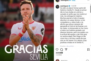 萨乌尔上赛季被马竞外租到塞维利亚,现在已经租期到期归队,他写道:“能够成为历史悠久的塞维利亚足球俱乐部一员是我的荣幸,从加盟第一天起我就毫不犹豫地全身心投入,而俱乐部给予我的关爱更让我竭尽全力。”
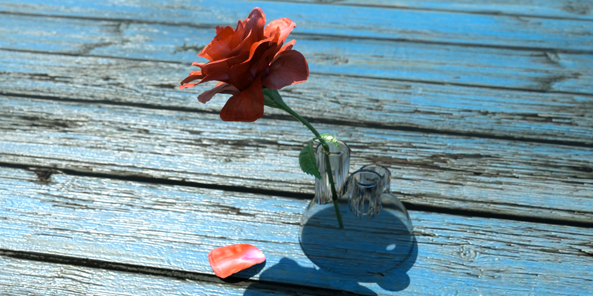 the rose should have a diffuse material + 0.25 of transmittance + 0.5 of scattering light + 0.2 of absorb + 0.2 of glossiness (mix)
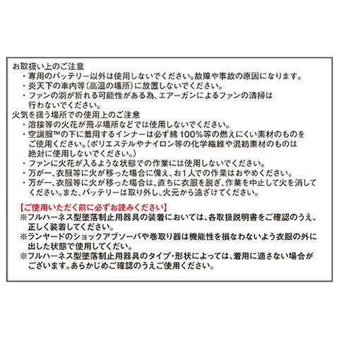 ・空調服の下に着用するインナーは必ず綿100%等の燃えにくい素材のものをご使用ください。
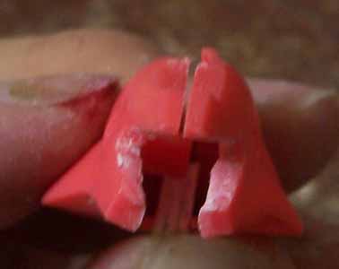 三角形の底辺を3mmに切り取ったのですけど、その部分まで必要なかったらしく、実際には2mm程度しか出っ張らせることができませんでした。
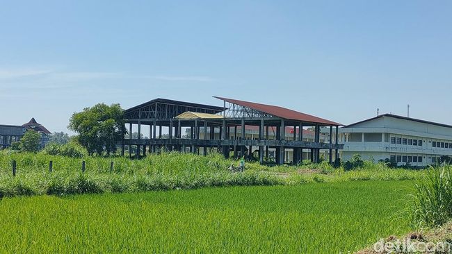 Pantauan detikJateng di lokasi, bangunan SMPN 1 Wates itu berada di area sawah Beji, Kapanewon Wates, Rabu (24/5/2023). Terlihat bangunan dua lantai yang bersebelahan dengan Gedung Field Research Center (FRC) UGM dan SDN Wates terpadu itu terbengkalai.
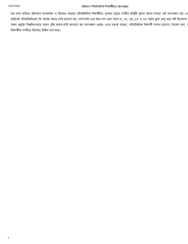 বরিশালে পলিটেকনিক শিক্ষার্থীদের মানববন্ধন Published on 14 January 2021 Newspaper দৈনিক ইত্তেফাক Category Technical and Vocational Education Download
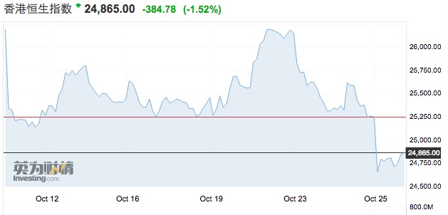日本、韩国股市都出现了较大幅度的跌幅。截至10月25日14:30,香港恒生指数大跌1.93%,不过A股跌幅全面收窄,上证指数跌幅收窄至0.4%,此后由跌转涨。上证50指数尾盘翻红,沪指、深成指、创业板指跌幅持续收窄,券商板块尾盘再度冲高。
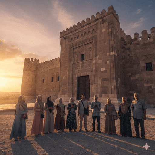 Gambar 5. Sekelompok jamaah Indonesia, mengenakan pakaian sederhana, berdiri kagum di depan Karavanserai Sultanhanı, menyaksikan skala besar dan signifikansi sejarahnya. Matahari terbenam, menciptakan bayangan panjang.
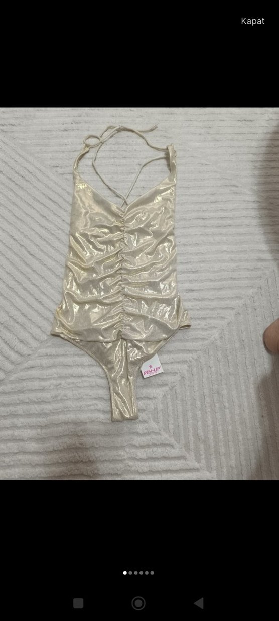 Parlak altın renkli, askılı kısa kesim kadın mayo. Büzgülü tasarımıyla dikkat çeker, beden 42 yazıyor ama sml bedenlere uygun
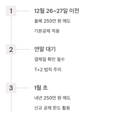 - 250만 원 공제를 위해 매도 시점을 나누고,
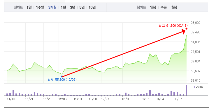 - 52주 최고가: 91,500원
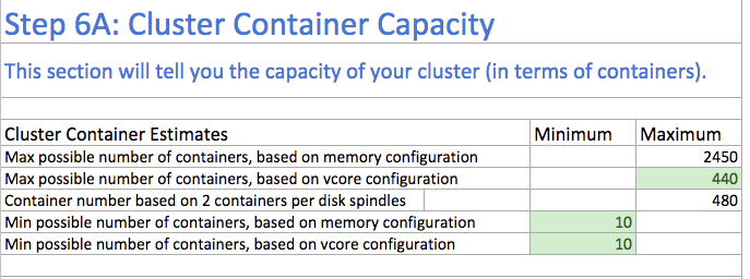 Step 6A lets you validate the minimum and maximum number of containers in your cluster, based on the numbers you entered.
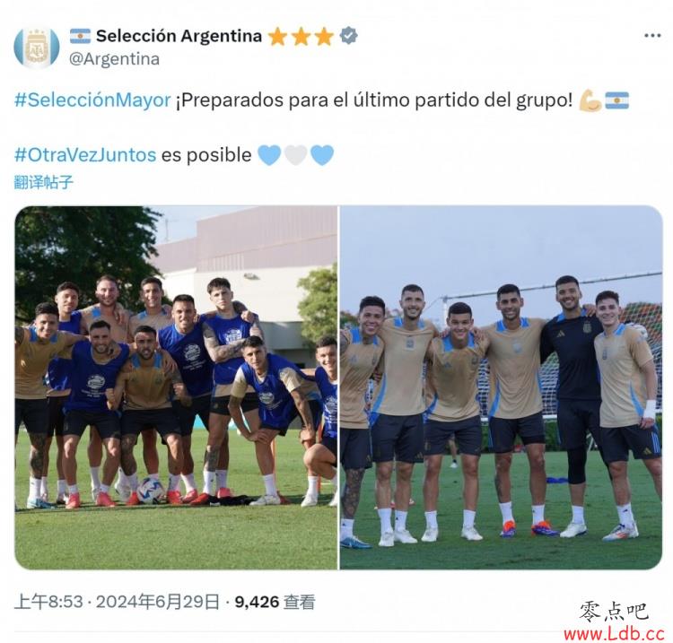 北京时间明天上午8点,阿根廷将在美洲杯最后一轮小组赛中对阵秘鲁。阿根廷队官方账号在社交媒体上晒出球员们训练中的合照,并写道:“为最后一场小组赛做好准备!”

**Problem statement**
Through the line containing "Gambar 5. Sekelompok" and no further, restate the data above word for word from its first line, leaving out pictures.

**Task result**
 萨乌尔上赛季被马竞外租到塞维利亚,现在已经租期到期归队,他写道:“能够成为历史悠久的塞维利亚足球俱乐部一员是我的荣幸,从加盟第一天起我就毫不犹豫地全身心投入,而俱乐部给予我的关爱更让我竭尽全力。”
 the rose should have a diffuse material + 0.25 of transmittance + 0.5 of scattering light + 0.2 of absorb + 0.2 of glossiness (mix)
 ・空調服の下に着用するインナーは必ず綿100%等の燃えにくい素材のものをご使用ください。
 三角形の底辺を3mmに切り取ったのですけど、その部分まで必要なかったらしく、実際には2mm程度しか出っ張らせることができませんでした。
 Pantauan detikJateng di lokasi, bangunan SMPN 1 Wates itu berada di area sawah Beji, Kapanewon Wates, Rabu (24/5/2023). Terlihat bangunan dua lantai yang bersebelahan dengan Gedung Field Research Center (FRC) UGM dan SDN Wates terpadu itu terbengkalai.
 বরিশালে পলিটেকনিক শিক্ষার্থীদের মানববন্ধন Published on 14 January 2021 Newspaper দৈনিক ইত্তেফাক Category Technical and Vocational Education Download
日本、韩国股市都出现了较大幅度的跌幅。截至10月25日14:30,香港恒生指数大跌1.93%,不过A股跌幅全面收窄,上证指数跌幅收窄至0.4%,此后由跌转涨。上证50指数尾盘翻红,沪指、深成指、创业板指跌幅持续收窄,券商板块尾盘再度冲高。
 Gambar 5. Sekelompok jamaah Indonesia, mengenakan pakaian sederhana, berdiri kagum di depan Karavanserai Sultanhanı, menyaksikan skala besar dan signifikansi sejarahnya. Matahari terbenam, menciptakan bayangan panjang.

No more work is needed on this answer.